BEGIN DATA BLOCK

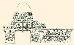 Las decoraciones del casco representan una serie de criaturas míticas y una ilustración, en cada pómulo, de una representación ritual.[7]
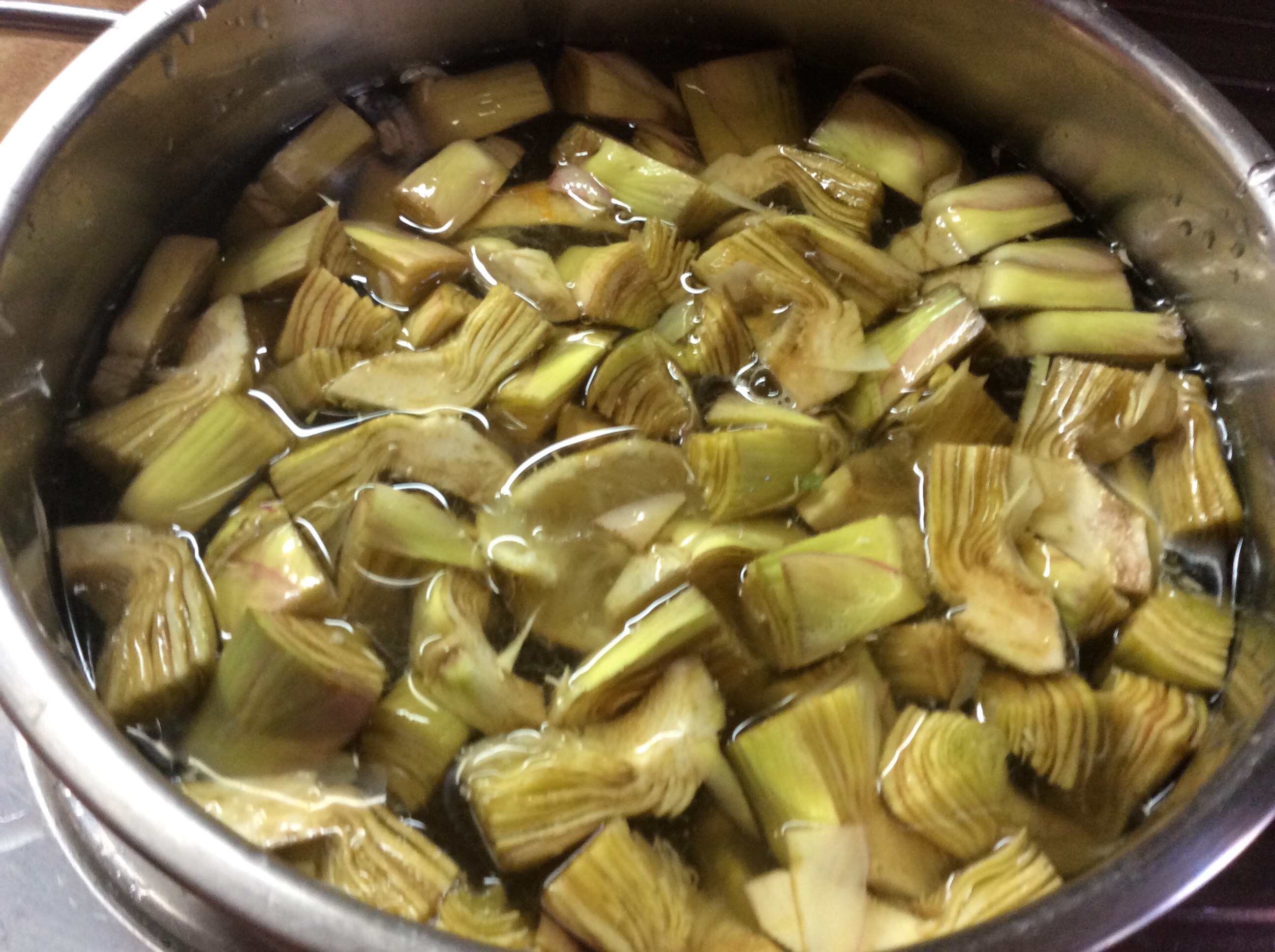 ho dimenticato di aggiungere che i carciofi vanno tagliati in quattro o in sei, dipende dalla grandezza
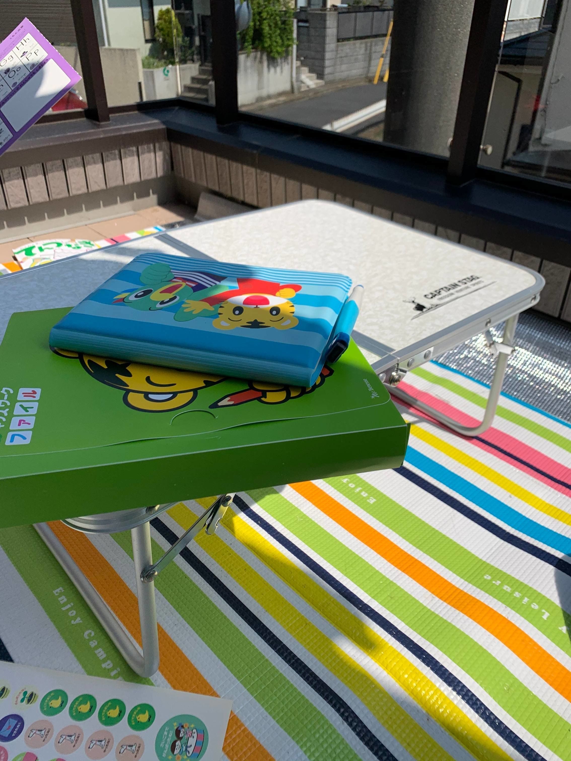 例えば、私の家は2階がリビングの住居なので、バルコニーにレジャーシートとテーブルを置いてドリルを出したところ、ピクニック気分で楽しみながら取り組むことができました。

END DATA BLOCK

TASK DETAILS: Output the whole of the data, unchanged; keep the pictures out.

RESPONSE FOR THIS EXERCISE:
 Las decoraciones del casco representan una serie de criaturas míticas y una ilustración, en cada pómulo, de una representación ritual.[7]
 ho dimenticato di aggiungere che i carciofi vanno tagliati in quattro o in sei, dipende dalla grandezza
 例えば、私の家は2階がリビングの住居なので、バルコニーにレジャーシートとテーブルを置いてドリルを出したところ、ピクニック気分で楽しみながら取り組むことができました。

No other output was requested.